El agüita fría era para espabilarse

Como a mí me gusta meterle energía a criticar al universo por meterle energía a cosas que me parece que no valen la pena pues he aquí mi comentario sobre el dichoso ALS bucket challenge, juego que consiste en que, al recibir el reto, debe elegir entre echarse un baldado de agua helada en la cabeza o donar a la causa de la esclerosis múltiple en Estados Unidos. 

Comencemos por lo obvio: el tal reto del cubo de agua helada es una moda. El que diga que no, se saltó preescolar o pretende tapar el sol con un dedo. Sin embargo, no por ser una moda tiene que ser objeto del desdeño que muchos de mis congéneres y compatriotas han optado por otorgarle. Mejor dicho y para ser completamente claros: mientras unos se graban volcándose un baldado de hielo en la cabeza otros se halan los pelos que porque acá en Colombia eso no tiene sentido, que porque acá no se puede donar y que porque el colmo desperdiciar el agua con todo este problema de la Guajira. Y a la larga yo me quedo con los que se unieron a la dichosa moda.

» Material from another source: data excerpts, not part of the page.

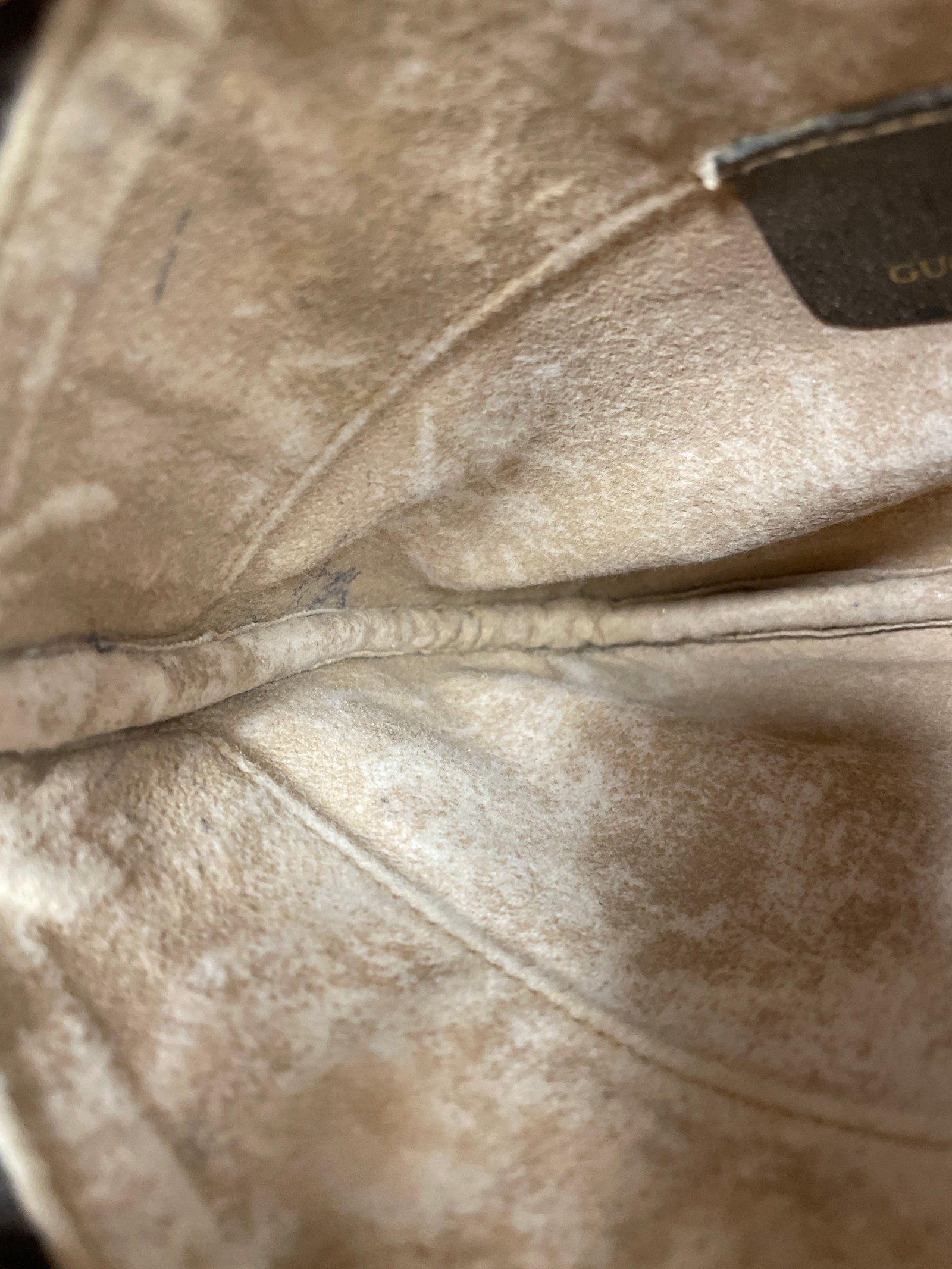 Front plate has wear. Interior has black markings. Zipper has wear.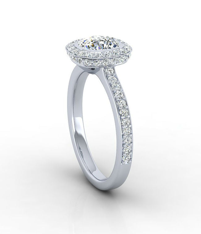 BEZEL PAVÉ HALO DIAMOND ENGAGEMENT RING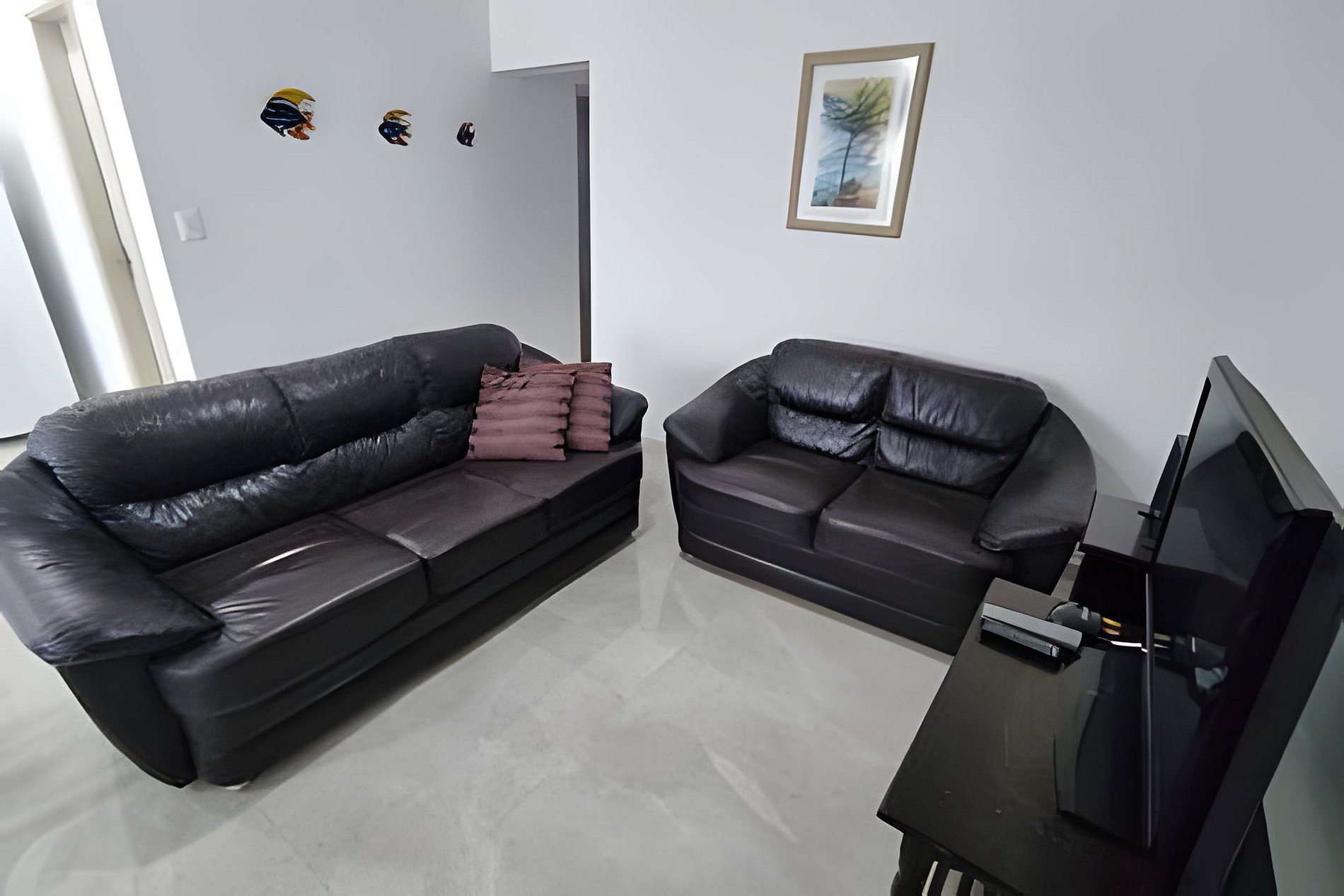 The apartment has two bedrooms, balcony, living/TV room, dining room and kitchen.

La campaña, en realidad, no tiene nada de ridículo si tenemos en cuenta que hasta el momento ha recaudado más de 15 millones de dólares en favor de la causa que apoya. Y no porque un montón de ricachones ávidos de atención mediática se dispusieran voluntariamente a donar sino porque, precisamente, aprovecha la banalidad de las redes sociales y de las personas que las usamos para generar un fenómeno viral y así lograr llegarle a esos ricachones y generarles la necesidad de donar. Porque si eres famoso y te retan y no donas, pues ganas la atención mediática pero por las razones equivocadas. Así, las personas del común que no tienen un peso para donar y muchas de las cuales, seguramente, todavía no tienen ni idea qué es la esclerosis lateral amiotrófica, son eslabones en la cadena para lograr la atención y captar el dinero de los famosos y adinerados. 

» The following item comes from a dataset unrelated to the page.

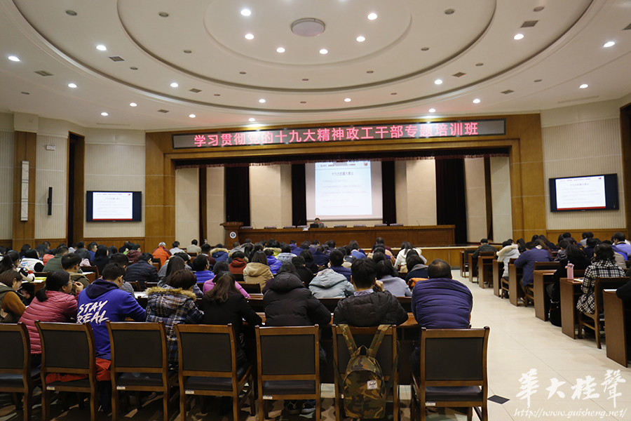 华大桂声讯 12月6日下午2点30分,华中师范大学“学习贯彻党的十九大精神政工干部培训班”第四期培训在科学会堂一楼报告厅成功举行。本次培训由华中师范大学党委副书记、学习贯彻党的十九大精神宣讲团成员覃红教授主讲,我校学工部、研究生院,学生就业工作处、校团委全体职员,学院全体副书记及辅导员参加了培训,报告会由学工部部长刘宏达主持。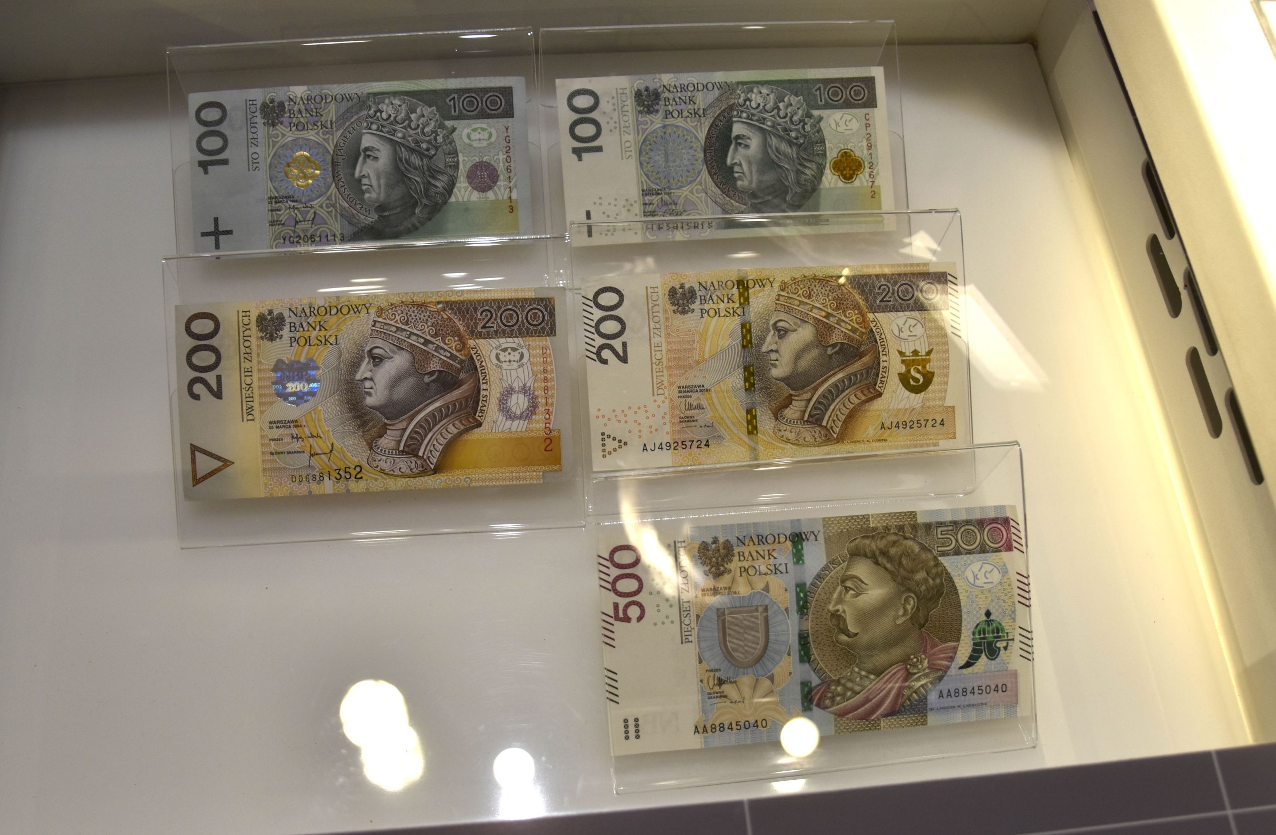 - Banknoty: 10, 20, 50, 100, 200 oraz wprowadzony w 2017 roku banknot 500 zł.

Pero el berrinche este por el agua de la Guajira si es otra cosa. Es la muestra de nuestra más absoluta ineptitud. Para comenzar, la sola mención de este tema demuestra que en Colombia solo hablamos de los temas que nos impone la agenda de los medios de comunicación. Como ellos nos quieren hablando de la Guajira, pues le untamos la Guajira a todo. (No quiero decir que el asunto de la Guajira no sea preocupante y digno de atención, obvio que no. Pero no es el único, y los medios solo nos muestran una forma de ver este problema.) Alguien, por ejemplo, se ha preocupado por revisar si en Colombia la esclerosis también es un problema? Algún criticón ha querido saber si tal vez, de pronto, a lo mejor, quién sabe esta enfermedad también existe por acá? O si existe en la Guajira? O si no le interesa, se ha preocupado por analizar de dónde surgió el éxito de esta campaña y si esta experiencia puede servir de base para algo similar, en alguno de los múltiple problemas que enfrenta el país?

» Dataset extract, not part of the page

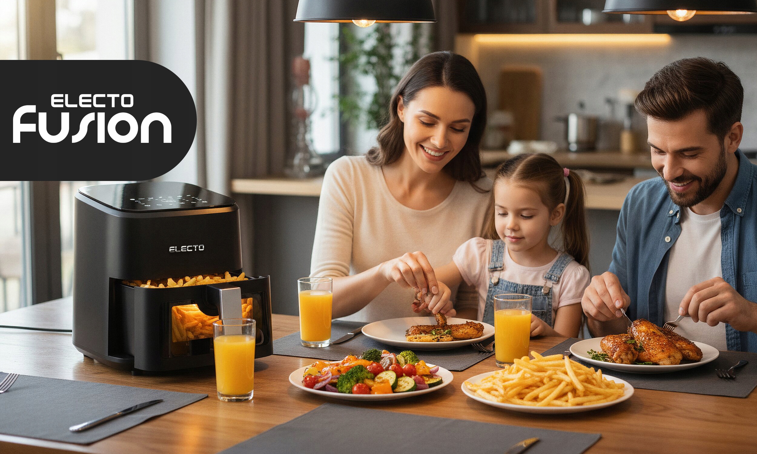 - Пристрій зменшує кількість жиру до 80%, пропонуючи здоровішу альтернативу традиційному смаженню. Це ідеальний спосіб швидкого приготування поживних страв для всієї родини.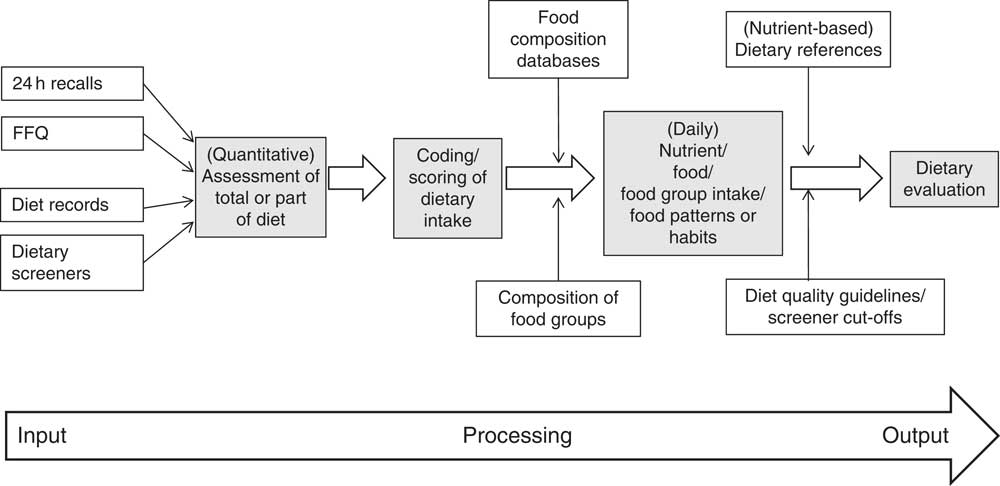 Dietary assessment may be described as the science and art of evaluating the dietary intake of individuals or groups for research or as basis for nutrition care( Reference McCabe-Sellers 1 ). While screening and comprehensive assessments have been differentiated( Reference Correira 2 ), both are characterised by phases of varying detail. Data collection and data evaluation are respectively the beginning (input) and endpoint (output). The aim of a particular dietary evaluation will determine the most appropriate tools and techniques in each phase. Using technology should improve at least the efficiency and ideally also the quality of dietary assessments, which are known to be labour-intensive and threatened by concerns about validity( Reference Dhurandhar, Schoeller and Brown 3 ). Many reviews about the use of technology in dietary assessment have been published( Reference Arens-Volland, Spassova and Bohn 4 – Reference Thompson, Subar and Loria 15 ). The current invited commentary aims to place these technologies into the context of dietary assessment viewed as a system.

Entre otras, vale la pena recordar que la campaña del balde no solo pretendía recaudar fondos sino “raise awareness”, que en español viene siendo algo así como levantar la cabeza, abrir los ojos y darse cuenta de lo que pasa a nuestro alrededor. Espabilarse que llaman. Pero como aquí no nos espabilamos ni porque nos lancen empelotos al Antártico, entonces no nos dimos cuenta que el gran valor de estos pendejos empapados consistió en poner a todo el mundo, y especialmente a los medios de comunicación, a hablar de un tema que jamás había estado en su agenda. (Eso sí, aclaro, no estoy hablando de los medios de comunicación colombianos que todo se lo toman con una ligereza que es mejor ni ponerlos a hablar.)

Entonces, en Colombia, entre el que se moja por mojarse y el que habla por hablar, me quedo con el primero que al menos tiene algo que contar.